スマートフォン(スマホ)にも搭載され、広く知られる個人認証技術「指紋認証」。しかし、認識精度に限界があり、誤認や偽造などの懸念も指摘される。生体認証システムのディー・ディー・エス(DDS)と東京大学は指の汗が出る穴に着目し、精度を10倍以上高めることに成功した。読み取るセンサーのコストなど課題も残るが、個人認証の新たな手段として注目されそうだ。

「従来の指紋認証は精度に限界がある。決済など様々な場面でスマホが使われるなか、より簡単で精度の高い個人認証技術が必要だ」。東京大学大学院の梅崎太造特任教授は、新たな指紋認証手法を開発した狙いを強調する。

現在の一般的な指紋認証は、複数の隆起した線(隆線)が集まって模様になった渦状紋などの「第1次特徴」と、線の分岐点や端点といった「第2次特徴」で個人を判別する。技術は確立されており、実績もある。

■誤認や偽造も

しかし、スマホのセンサーのように読み取る面積が小さくなると、捉えられる特徴点が少なくなる。他人の指紋を登録者のものと誤って認識したり、偽造した指紋で認証を突破されたりといった懸念が指摘されてきた。

入室用の指紋認証機器といった大きなセンサーを使用する指紋認証では無作為に選んだ人がロックを解除できる確率は100万分の1程度とされる。一方、スマホでは5万分の1程度に低下するという。

実際に米国のミシガン州立大学の研究グループは、指紋をインクジェットプリンターで偽造してスマホの認証を突破できると報告している。また、他人の指を本人のものと誤認してしまいスマホのロックを突破される危険性も報告されている。

DDSと東大が開発した技術は従来の2つの特徴に加えて、汗が出るための小さな穴である「汗孔(かんこう)」を“第3次特徴”として利用する。汗孔は個人によって位置関係が異なる。この汗孔同士の位置関係や線と汗孔の位置関係を判定基準に加えることで、精度を10倍以上に高めることができるという。

汗孔は隆線の中に数多く存在しており、スマホに搭載する小さなセンサーでも多くの特徴を捉えることが可能だ。ただ、現在の主流の静電容量式センサーでは十分な解像度がなく、小さな汗孔を検知できない。
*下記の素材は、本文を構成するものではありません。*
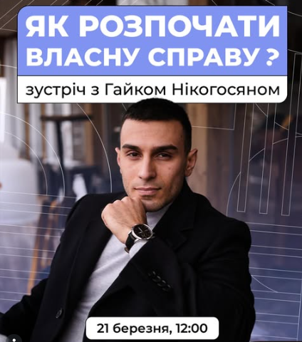 — 21 березня о 12.00 — зустріч «Як розпочати власну справу». Спікер — власник мережі «Сендвіч Маркет» Гайк Нікогосян.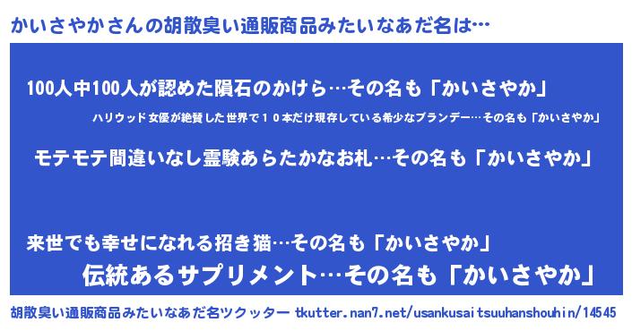 | 男性向けラノベタイトル風あだ名 | 『カイサヤカアートオンライン』 |

このため、DDSは新たなセンサーを開発した。薄いガラス板とイメージセンサー、発光ダイオード(LED)を組み合わせており、指の表面に光を当てて浸透率や反射率を利用して微細な構造を読み取る。

■価格下げ課題

検出部の大きさは縦6.6ミリメートル×横4.8ミリで厚さも約0.6ミリと小さい。従来のセンサーは解像度が500ppi(1インチあたりの画素数)程度だったが、新しいセンサーでは3000ppiまで高められるという。読み取った汗孔の位置関係から個人を認証できるソフトウエアも梅崎氏とDDSが開発した。

スマホに搭載される一般的なセンサーの価格は100〜1000円程度とされる。新開発のセンサーはまだスマホに搭載できるほど安くはないが、今後は量産による原価低減で既存センサーと同程度まで下げられるとみる。スマホメーカーの採用を目指す。